▶ _Required work_: An exact reproduction of the lines below, from the first through the one with "5月9日下午,学校党委举办主", is the whole answer; pictures have no place in it.

▶ _Data to use_:
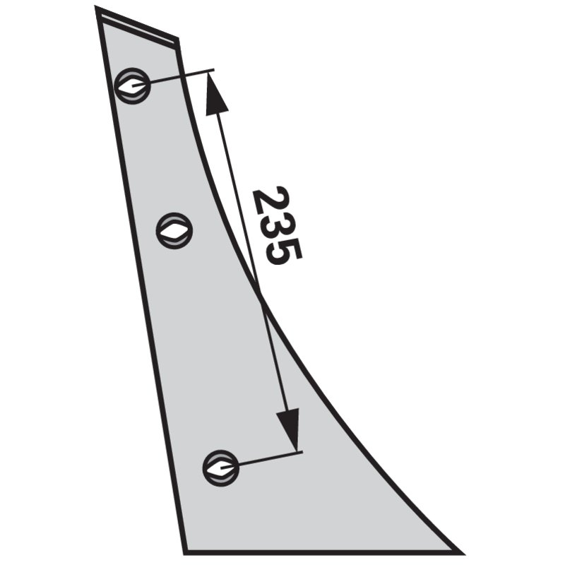 Výměnný díl pravý na pluh Kverneland, Pöttinger přední díl pro orební těleso 19, 30 výrobce FRANK - rozměr 375 x 170 x 15 mm, opotřebitelný náhradní díl pluhu Kverneland, Pöttinger, referenční číslo 073230, KK073230. Pluhové šrouby s maticemi (nejsou zahrnuty v ceně): 3 ks 1801230HU10.
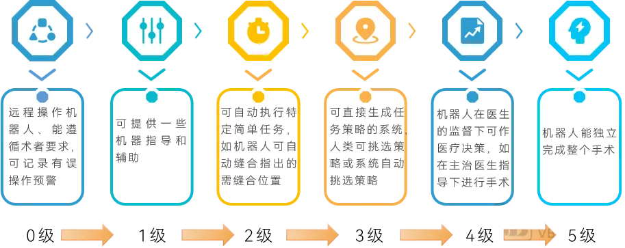 另外,手术机器人迈向自动化和智能化是必然,接下来将向自动化2级和3级迈进,并在技术上做复合,比如复合0级、1级和部分的2级共同迈向第3级。
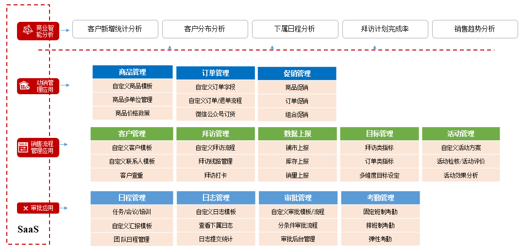 紅圈營銷+是一款兼顧通用協(xié)同辦公應(yīng)用基礎(chǔ)上,主要為泛快消行業(yè)客戶提供客戶管理與銷售協(xié)同管理的客戶關(guān)系管理 SaaS 產(chǎn)品。產(chǎn)品具有進銷存管理、車銷管理、數(shù)據(jù)上報、營銷活動管理、目標管理等功能,幫助企業(yè)有效控制營銷費用和通路管理,提高銷售管理效率,為企業(yè)提供數(shù)據(jù)賦能,助力模式轉(zhuǎn)型。
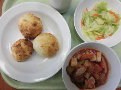 今日の給食は、ポンデケージョ・牛乳・ムケッカ・きゃべつサラダです。
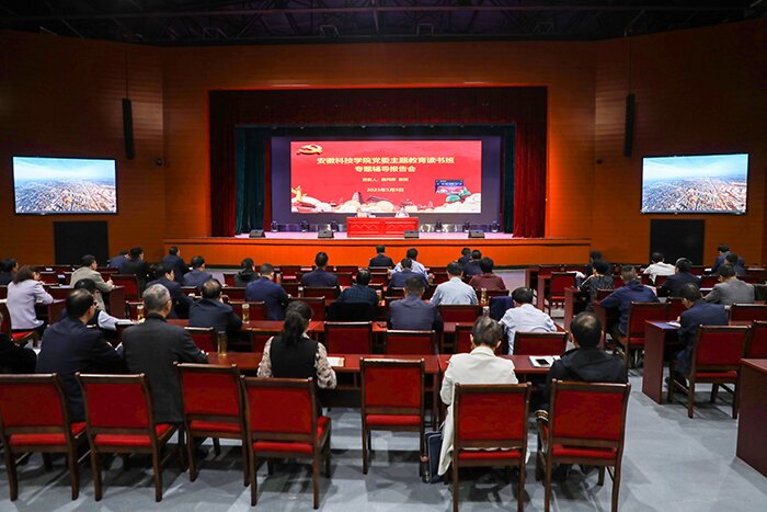 5月9日下午,学校党委举办主题教育读书班暨理论学习中心组(扩大)学习会。党的二十大代表、安徽师范大学马克思主义学院路丙辉教授应邀来校作专题辅导报告。校领导李震、黄远友出席会议。报告会由黄远友主持。
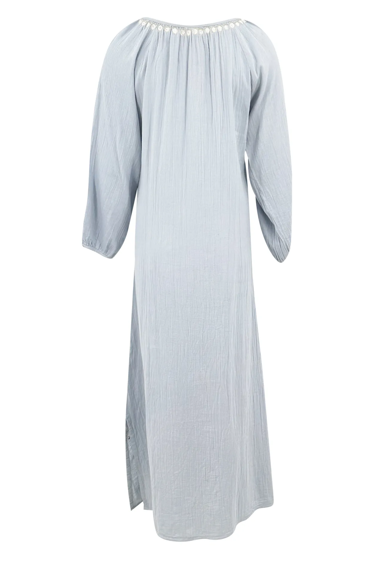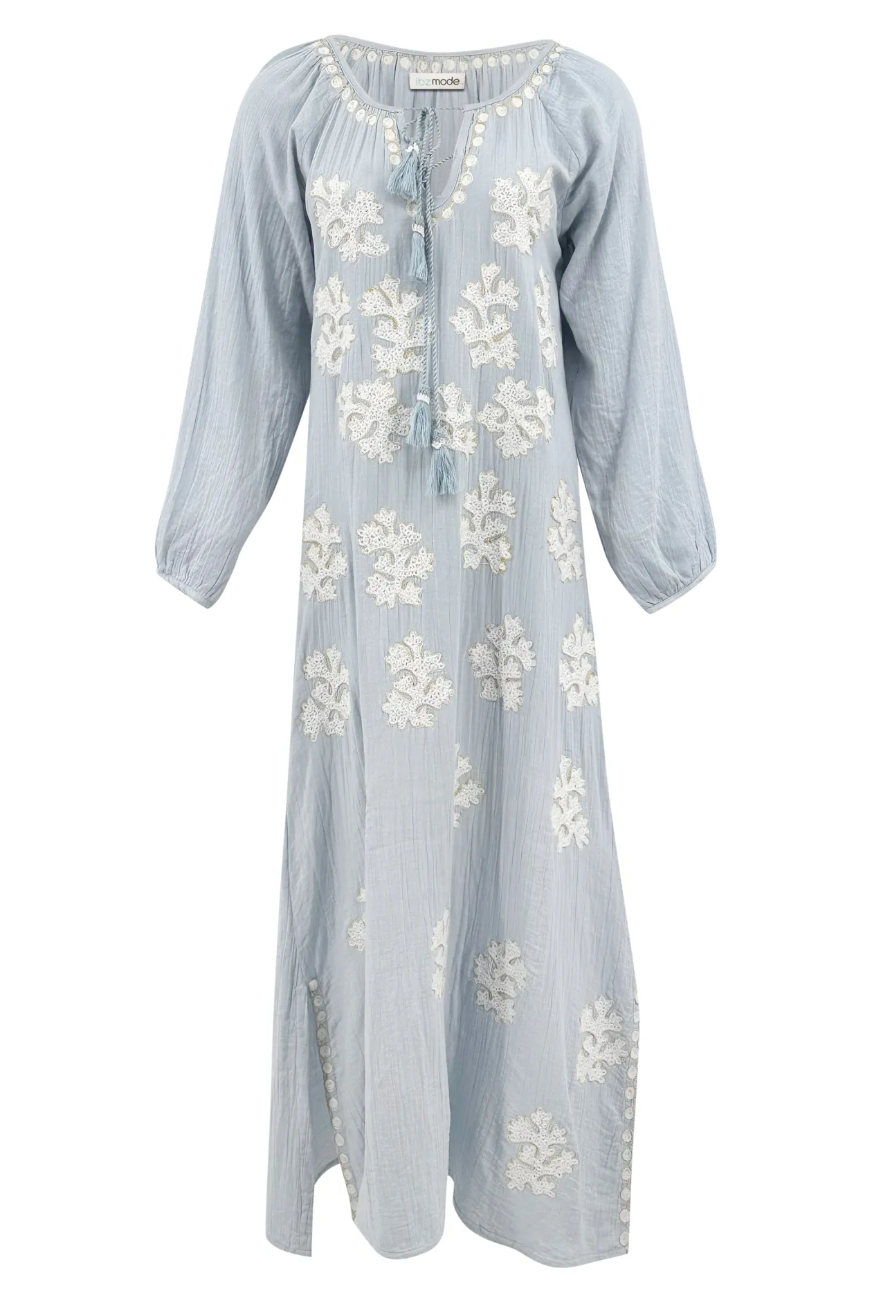 Der Kaftan Leaf Pale Blue ist dein ultimatives Sommer-Must-Have! Dieser Kaftan aus 100 % Baumwolle kombiniert Komfort mit einem Hauch von Luxus dank der bestickten Details und Lurexfäden. Trage ihn mit Sandalen für einen entspannten Strand-Look oder mit Absätzen für einen Abend im Freien. Fühle dich frei und stilvoll!
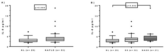 Circulating levels of IL-8 in women with morbid obesity with normal liver and with nonalcoholic fatty liver disease (A), and women with morbid obesity according to liver damage (B). NAFLD, women with morbid obesity (MO) with nonalcoholic fatty liver disease; NL, women with MO with normal liver; SS, women with MO with simple steatosis; NASH, women with MO with steatohepatitis. p < 0.05 is considered statistically significant.

▶ _Completed task_:
 Výměnný díl pravý na pluh Kverneland, Pöttinger přední díl pro orební těleso 19, 30 výrobce FRANK - rozměr 375 x 170 x 15 mm, opotřebitelný náhradní díl pluhu Kverneland, Pöttinger, referenční číslo 073230, KK073230. Pluhové šrouby s maticemi (nejsou zahrnuty v ceně): 3 ks 1801230HU10.
 另外,手术机器人迈向自动化和智能化是必然,接下来将向自动化2级和3级迈进,并在技术上做复合,比如复合0级、1级和部分的2级共同迈向第3级。
 紅圈營銷+是一款兼顧通用協(xié)同辦公應(yīng)用基礎(chǔ)上,主要為泛快消行業(yè)客戶提供客戶管理與銷售協(xié)同管理的客戶關(guān)系管理 SaaS 產(chǎn)品。產(chǎn)品具有進銷存管理、車銷管理、數(shù)據(jù)上報、營銷活動管理、目標管理等功能,幫助企業(yè)有效控制營銷費用和通路管理,提高銷售管理效率,為企業(yè)提供數(shù)據(jù)賦能,助力模式轉(zhuǎn)型。
 今日の給食は、ポンデケージョ・牛乳・ムケッカ・きゃべつサラダです。
 5月9日下午,学校党委举办主题教育读书班暨理论学习中心组(扩大)学习会。党的二十大代表、安徽师范大学马克思主义学院路丙辉教授应邀来校作专题辅导报告。校领导李震、黄远友出席会议。报告会由黄远友主持。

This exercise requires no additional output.